Problem description –
Return all the entries exactly. No pictures.

Source records:
================================
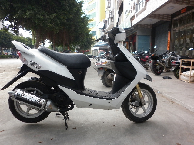 日本铃木50CC踏板车 铃木怪第四代ZZ, 铃木厂家自称是日本50CC中踏板极致最暴力的绵羊,50CC的排量,前后日本原装加高加粗减震,前后轮毂加宽加厚,大车架,离合器是80CC的。踏板中的极品 这车没改装都很暴力 要是这车用来改装肯定好。 不过改装件不太普遍 自己在车行捡了一个日本二手地通拿的前普利盘和普利珠。
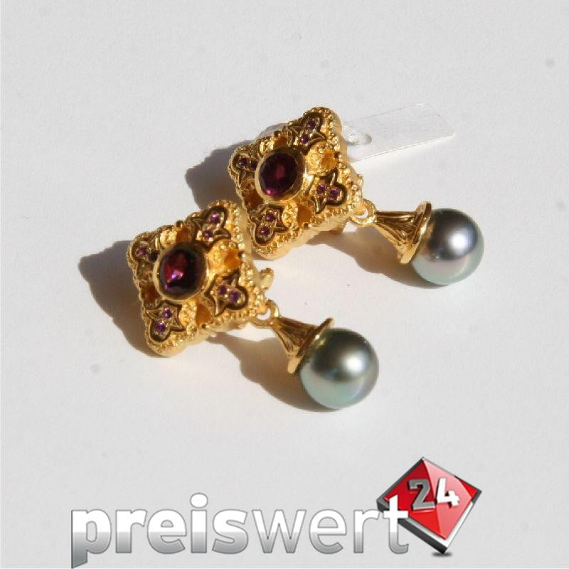 | Material: | Clipstecker : 925 Silber goldplattiert, facettiertem Tahitiperpampel und facettiertem Rhodolith |
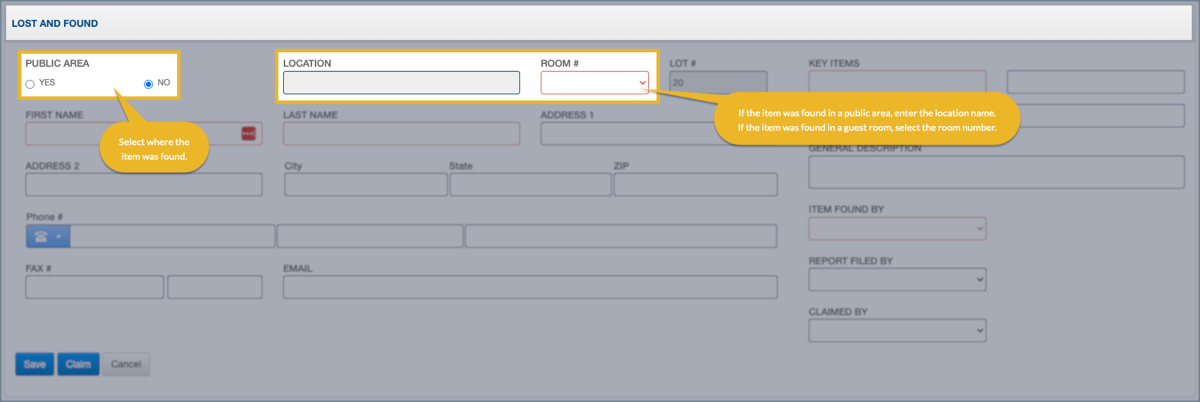 1. Select whether the item was found in a public area or a guest room.
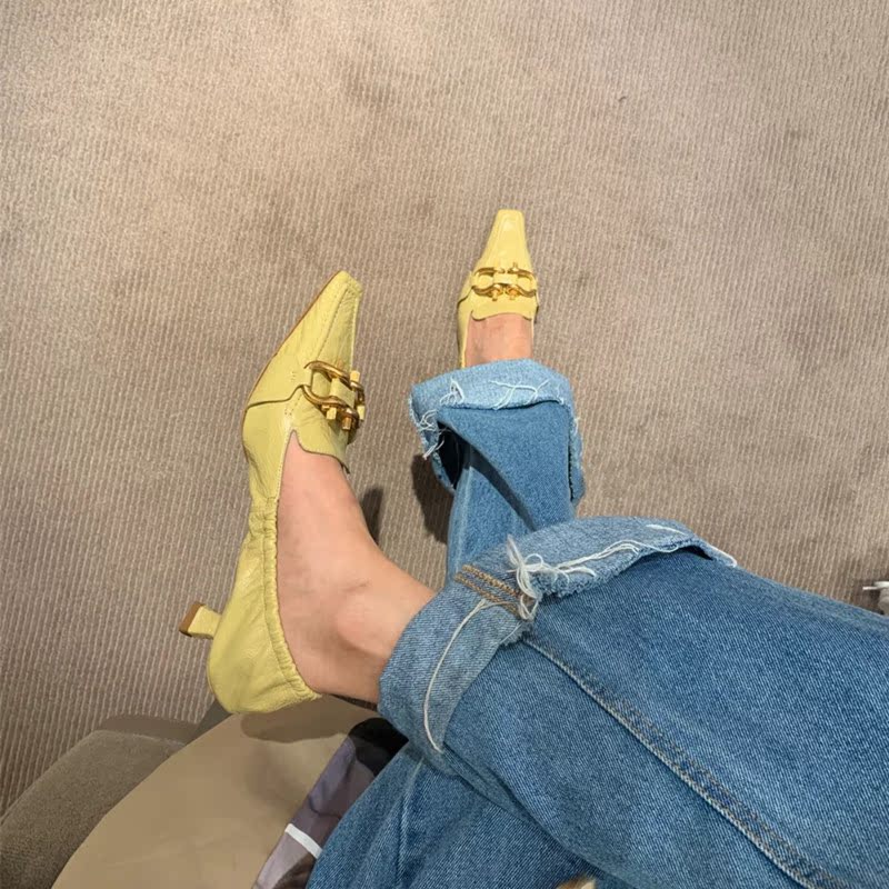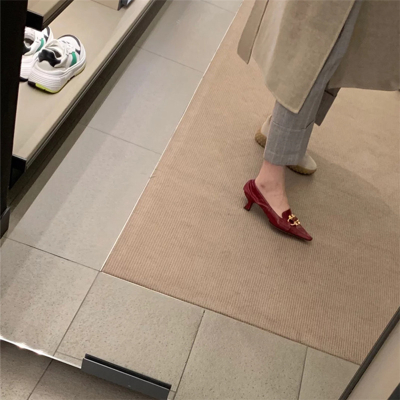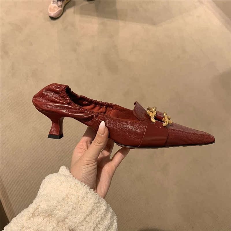 Europe and the United States 2022 early spring new metal buckle kitten heel high heels retro soft leather square toe shallow mouth stiletto shoes women
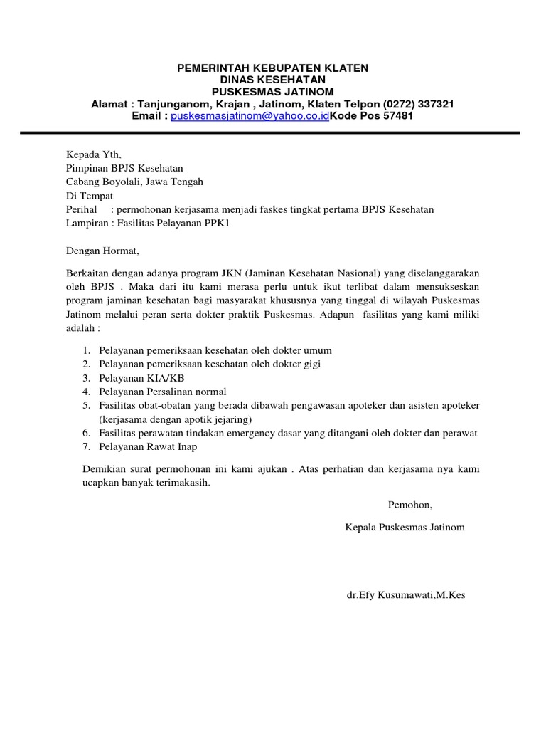 Surat permohonan kerjasama bpjs. Berikut kami bagikan contoh surat permohonan perpanjangan kontrak kerjasama dan surat kesediaan dengan BPJS kesehatan. Untuk Puskesmas atau yang setara harus memiliki. Surat permohonan kerjasama format dan contoh surat kerjasama kegiatan produk surat permohonan kerjasama merupakan sebuah surat resmi yang dibuat untuk menawarkan sebuah permintaan atau permohonan kerjasama kepada seseorang atau perusahaan agar mereka mau menerima tawaran.
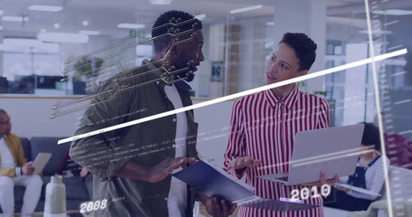 Image of data processing and diagrams over diverse colleagues discussing work
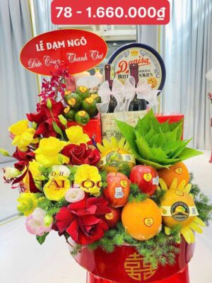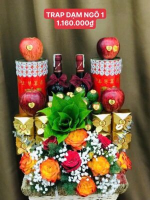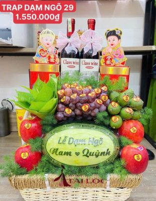 Để tráp dạm ngõ thêm phần sang trọng, nhà trai có thể chuẩn bị thêm một số loại hoa quả nhập khẩu như táo, nho, lê hàn, cam, xoài. Hãy chọn những quả tươi và có màu sắc nổi bật như vàng, đỏ để tráp lễ trông tươi tắn hơn nhé.
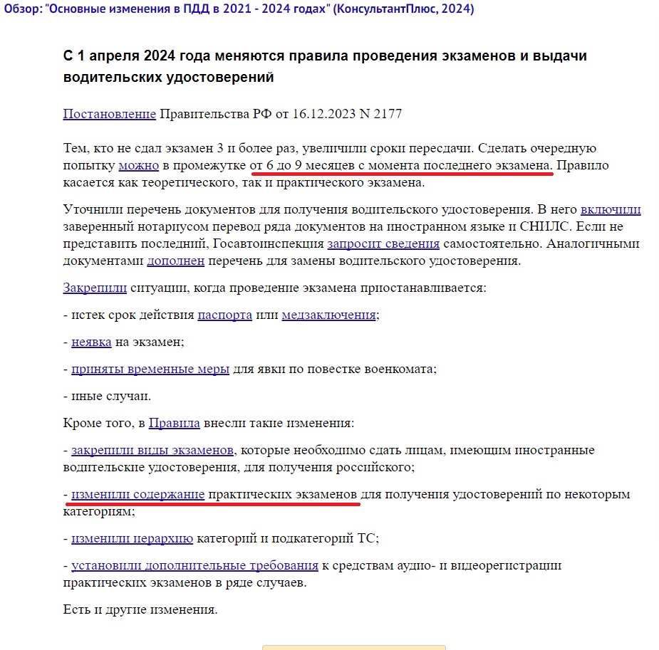 Но, самое неприятное новшество заключается в сроках пересдачи. Как и раньше первые три попытки делаются с периодичностью 7 дней. Если не сдаешь, то записываешься на пересдачу на следующую неделю, готовишься и приходишь. После 3-й пересдачи можно было записаться на повтор не ранее, чем через 1 месяц. Теперь это правило отменено и введено новое: пересдавать можно не ранее 6-ти и не позднее 9-ти месяцев. Это касается и теории и практики. Если мы не сдаем теорию 3 раза подряд, то следующая пересдача будет только через полгода, не раньше. ГАИ принимает экзамены по практике в течение летнего периода, те же полгода. Если 3 раза не сдаем практику, то следующая попытка будет в следующем сезоне, но с учетом того, что теория действует тоже полгода, то в следующем сезоне ее придется сдавать заново. К тому же, попытки не обнуляются и все последующие пересдачи будут в таком же графике - не раньше, чем через полгода, и теория, и практика.
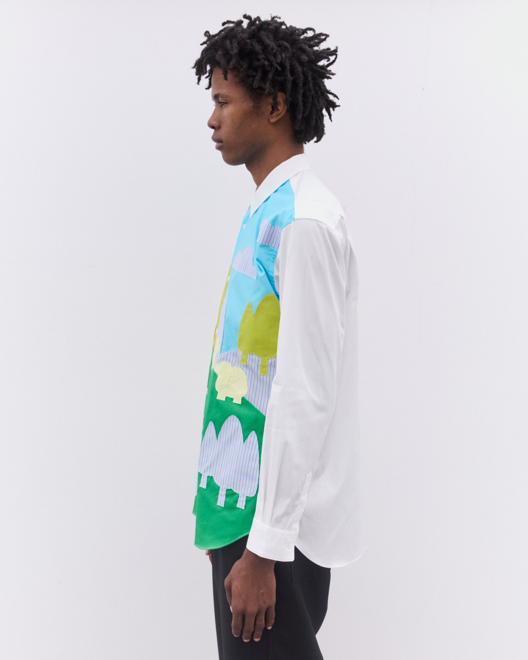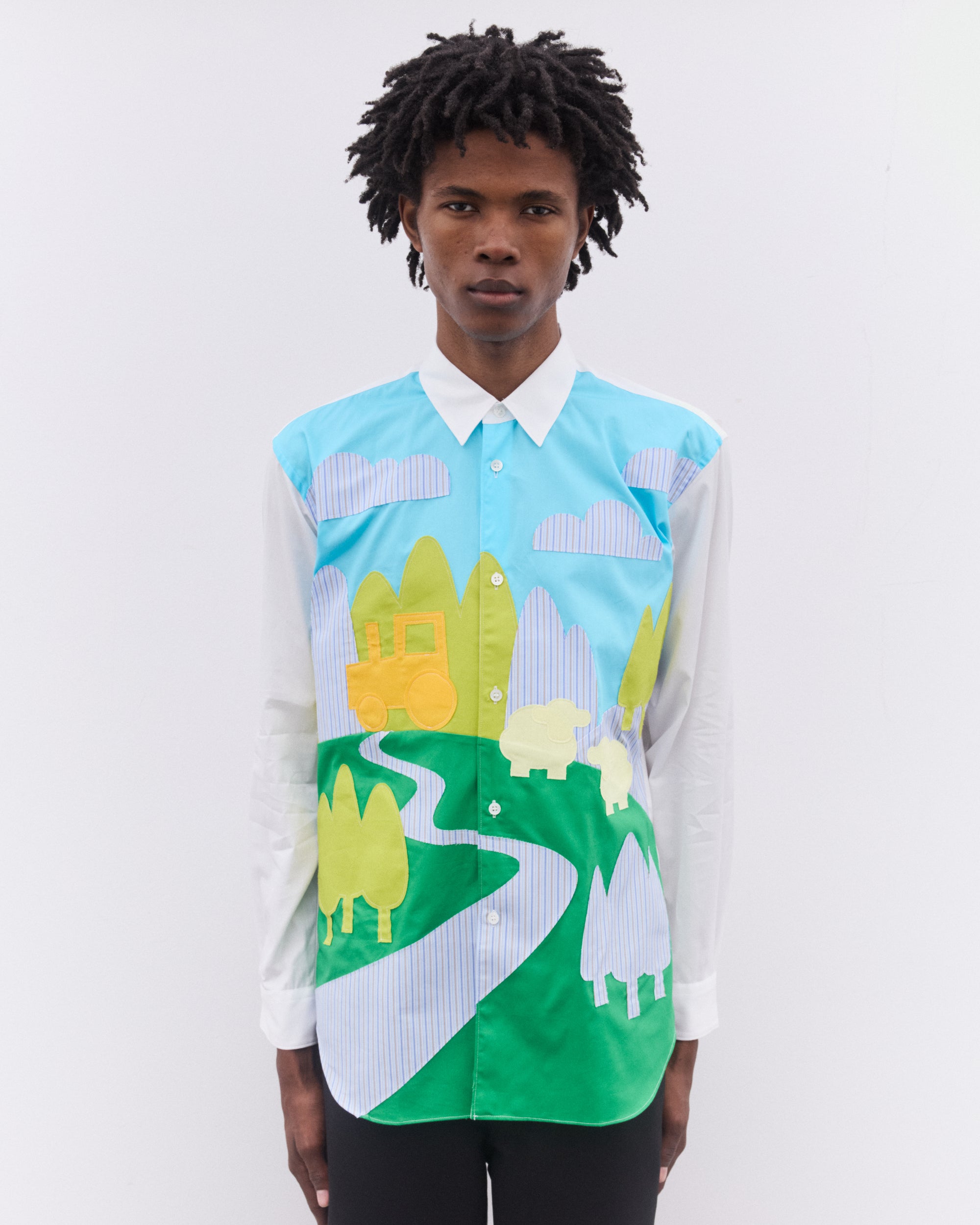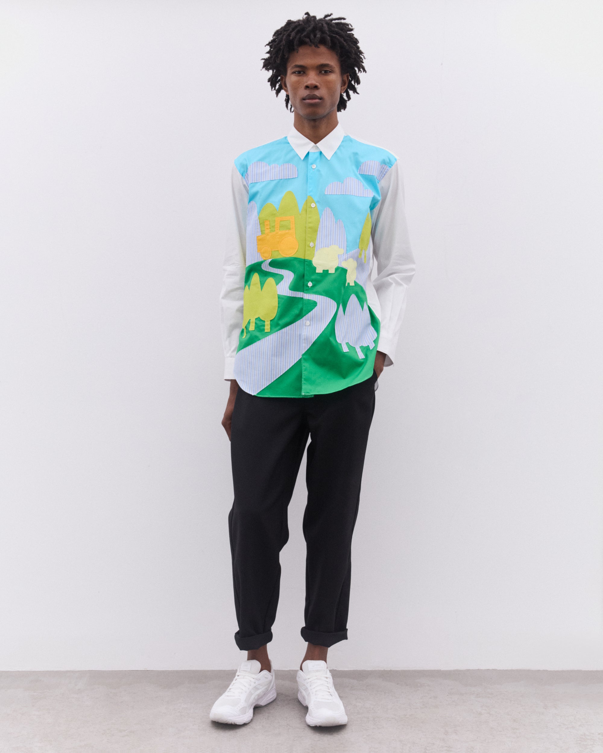 Point collarCurved hemPatch chest pocketButton placketButton cuffsSewn-on farmyard scene
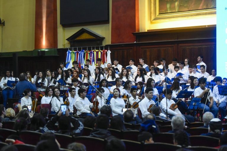 En una semana intensa de ensayos se conformó, a propuesta del Ministerio de Educación de Nación, un ensamble con 120 músicos y cantantes provenientes de Argentina, Brasil, Uruguay y Paraguay. En el auditorio de la Facultad de Derecho de la UBA, brindaron un emotivo espectáculo para dar cierre a la Reunión de Ministros de Educación del bloque internacional.
================================
Result of this exercise –
 日本铃木50CC踏板车 铃木怪第四代ZZ, 铃木厂家自称是日本50CC中踏板极致最暴力的绵羊,50CC的排量,前后日本原装加高加粗减震,前后轮毂加宽加厚,大车架,离合器是80CC的。踏板中的极品 这车没改装都很暴力 要是这车用来改装肯定好。 不过改装件不太普遍 自己在车行捡了一个日本二手地通拿的前普利盘和普利珠。
 | Material: | Clipstecker : 925 Silber goldplattiert, facettiertem Tahitiperpampel und facettiertem Rhodolith |
 1. Select whether the item was found in a public area or a guest room.
 Europe and the United States 2022 early spring new metal buckle kitten heel high heels retro soft leather square toe shallow mouth stiletto shoes women
 Surat permohonan kerjasama bpjs. Berikut kami bagikan contoh surat permohonan perpanjangan kontrak kerjasama dan surat kesediaan dengan BPJS kesehatan. Untuk Puskesmas atau yang setara harus memiliki. Surat permohonan kerjasama format dan contoh surat kerjasama kegiatan produk surat permohonan kerjasama merupakan sebuah surat resmi yang dibuat untuk menawarkan sebuah permintaan atau permohonan kerjasama kepada seseorang atau perusahaan agar mereka mau menerima tawaran.
 Image of data processing and diagrams over diverse colleagues discussing work
 Để tráp dạm ngõ thêm phần sang trọng, nhà trai có thể chuẩn bị thêm một số loại hoa quả nhập khẩu như táo, nho, lê hàn, cam, xoài. Hãy chọn những quả tươi và có màu sắc nổi bật như vàng, đỏ để tráp lễ trông tươi tắn hơn nhé.
 Но, самое неприятное новшество заключается в сроках пересдачи. Как и раньше первые три попытки делаются с периодичностью 7 дней. Если не сдаешь, то записываешься на пересдачу на следующую неделю, готовишься и приходишь. После 3-й пересдачи можно было записаться на повтор не ранее, чем через 1 месяц. Теперь это правило отменено и введено новое: пересдавать можно не ранее 6-ти и не позднее 9-ти месяцев. Это касается и теории и практики. Если мы не сдаем теорию 3 раза подряд, то следующая пересдача будет только через полгода, не раньше. ГАИ принимает экзамены по практике в течение летнего периода, те же полгода. Если 3 раза не сдаем практику, то следующая попытка будет в следующем сезоне, но с учетом того, что теория действует тоже полгода, то в следующем сезоне ее придется сдавать заново. К тому же, попытки не обнуляются и все последующие пересдачи будут в таком же графике - не раньше, чем через полгода, и теория, и практика.
 Point collarCurved hemPatch chest pocketButton placketButton cuffsSewn-on farmyard scene
 En una semana intensa de ensayos se conformó, a propuesta del Ministerio de Educación de Nación, un ensamble con 120 músicos y cantantes provenientes de Argentina, Brasil, Uruguay y Paraguay. En el auditorio de la Facultad de Derecho de la UBA, brindaron un emotivo espectáculo para dar cierre a la Reunión de Ministros de Educación del bloque internacional.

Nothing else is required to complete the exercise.